● Input records
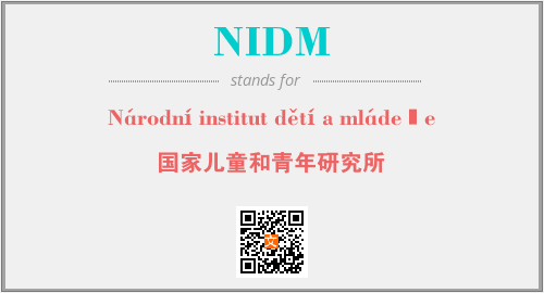 上述内容是“Národní institut dětí a mládeže”作为“NIDM”的缩写,解释为“国家儿童和青年研究所”时的信息,以及英文缩略词NIDM所代表的英文单词,其对应的中文拼音、详细解释以及在英文中的流行度和相关分类、应用领域及应用示例等。
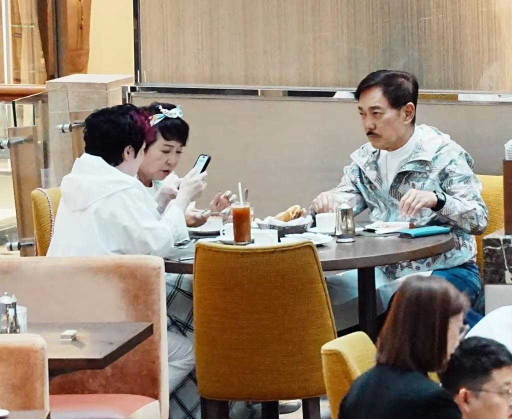 因爲狄波拉還約了陳淑芬一起聚餐,看到這樣的畫面,陳淑芬就覺得自己像個巨大的電燈泡。沒辦法,只能看手機來打發時間,別打擾了人家老兩口秀恩愛。
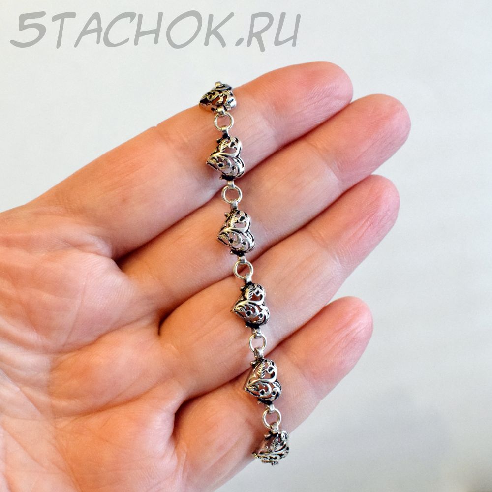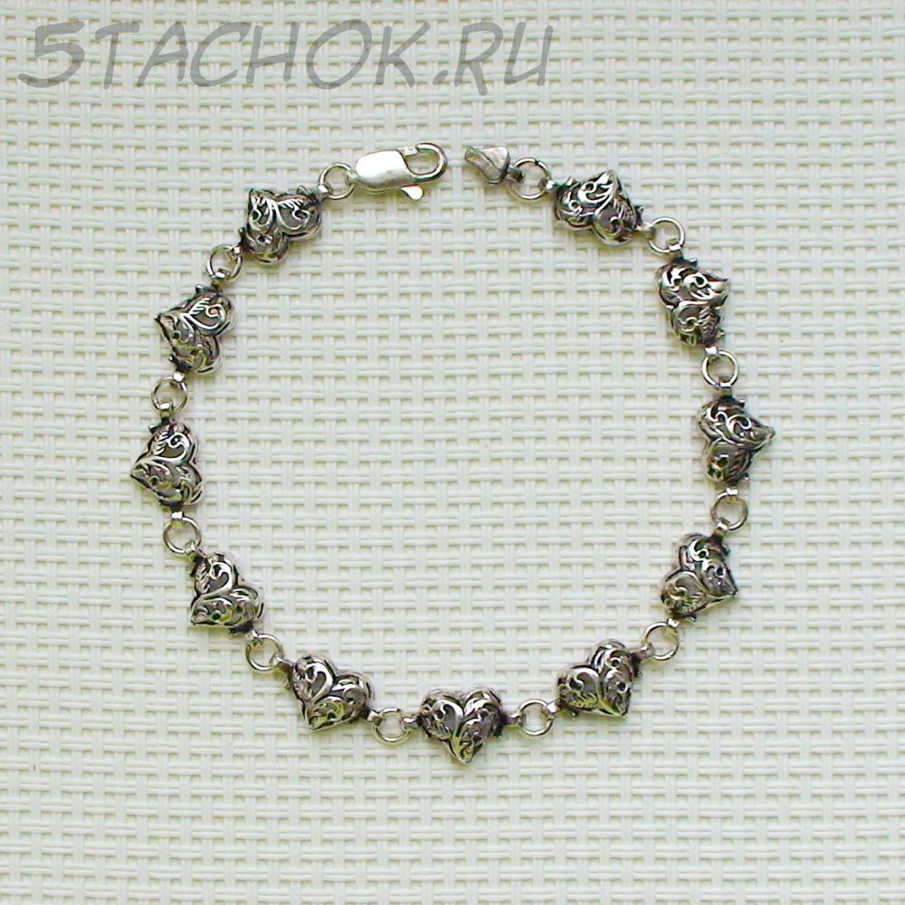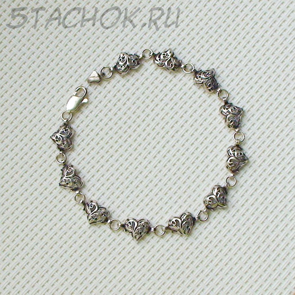 Серебряный браслет "Сердечки" черненое серебро 925 (США)
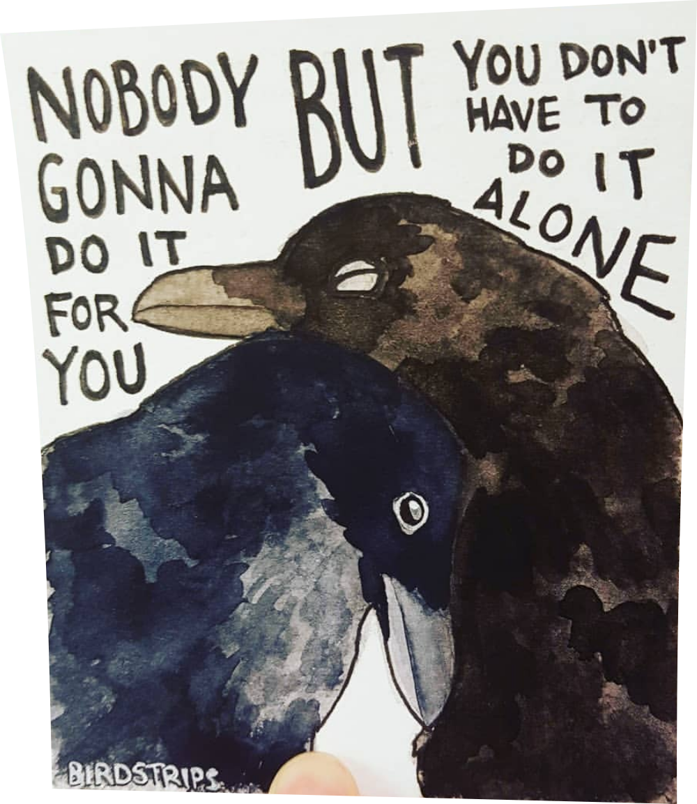 ![Cartoon with two boreal chickadees. First panel birds are eating seeds on the ground. One says 'What if it's rotten inside?' the other says 'It's not'. Second panel the birds are flying, one says 'What if we don't make it in time?' the other says 'We will.'. Third panel the birds are hanging off pinecones in a tree, one says 'What if I can't do it?', the other says 'You can'. Fourth panel the birds are facing the viewer, one says 'What if... everything's gonna be okay?', the other says 'It is'.]()
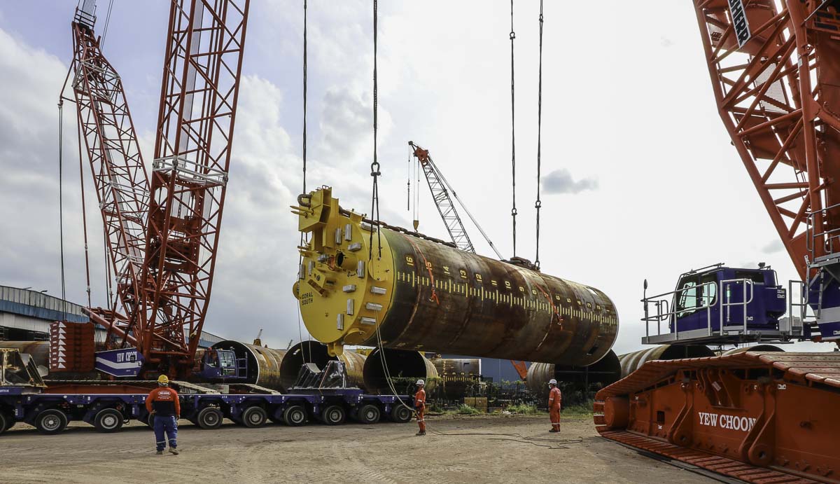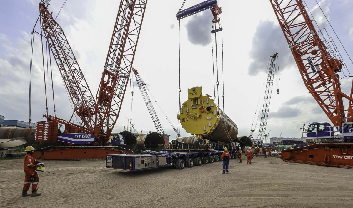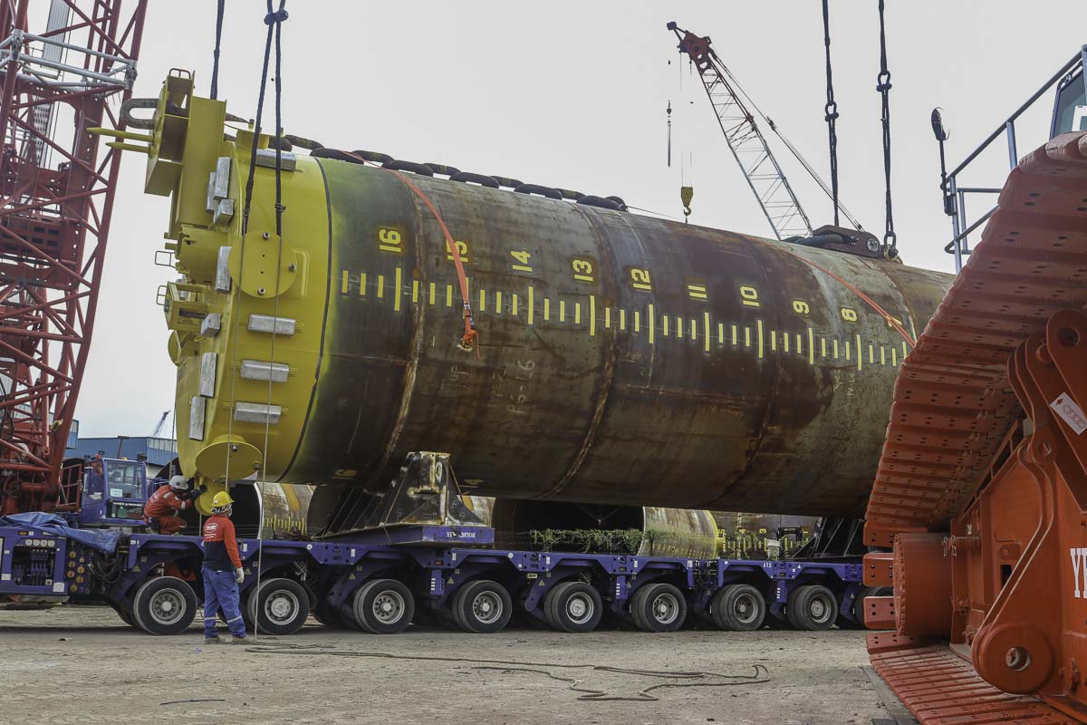 The slings are attached to the hook. The lifting will be started soon. The 600-tonne hook weights around 16 tonnes.
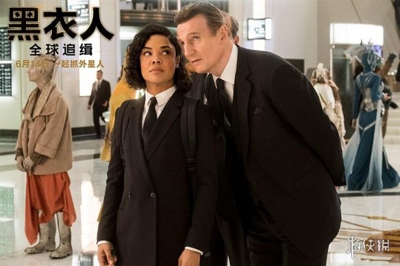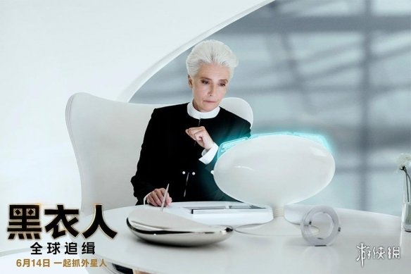 黑衣人天团四人组置身于未来光速列车。“锤哥”克里斯·海姆斯沃斯和搭档“女武神”泰莎·汤普森配备重型黑科技枪械整装待发,“威风大佬T”连姆·尼森和黑衣人组织“精神领袖”探员O(艾玛·汤普森饰演)也携一众外星探员神气登场。

● Goal of the exercise
Word-for-word transcript, pictures excluded: copy all the material above.

● Output below
 上述内容是“Národní institut dětí a mládeže”作为“NIDM”的缩写,解释为“国家儿童和青年研究所”时的信息,以及英文缩略词NIDM所代表的英文单词,其对应的中文拼音、详细解释以及在英文中的流行度和相关分类、应用领域及应用示例等。
 因爲狄波拉還約了陳淑芬一起聚餐,看到這樣的畫面,陳淑芬就覺得自己像個巨大的電燈泡。沒辦法,只能看手機來打發時間,別打擾了人家老兩口秀恩愛。
 Серебряный браслет "Сердечки" черненое серебро 925 (США)
 ![Cartoon with two boreal chickadees. First panel birds are eating seeds on the ground. One says 'What if it's rotten inside?' the other says 'It's not'. Second panel the birds are flying, one says 'What if we don't make it in time?' the other says 'We will.'. Third panel the birds are hanging off pinecones in a tree, one says 'What if I can't do it?', the other says 'You can'. Fourth panel the birds are facing the viewer, one says 'What if... everything's gonna be okay?', the other says 'It is'.]()
 The slings are attached to the hook. The lifting will be started soon. The 600-tonne hook weights around 16 tonnes.
 黑衣人天团四人组置身于未来光速列车。“锤哥”克里斯·海姆斯沃斯和搭档“女武神”泰莎·汤普森配备重型黑科技枪械整装待发,“威风大佬T”连姆·尼森和黑衣人组织“精神领袖”探员O(艾玛·汤普森饰演)也携一众外星探员神气登场。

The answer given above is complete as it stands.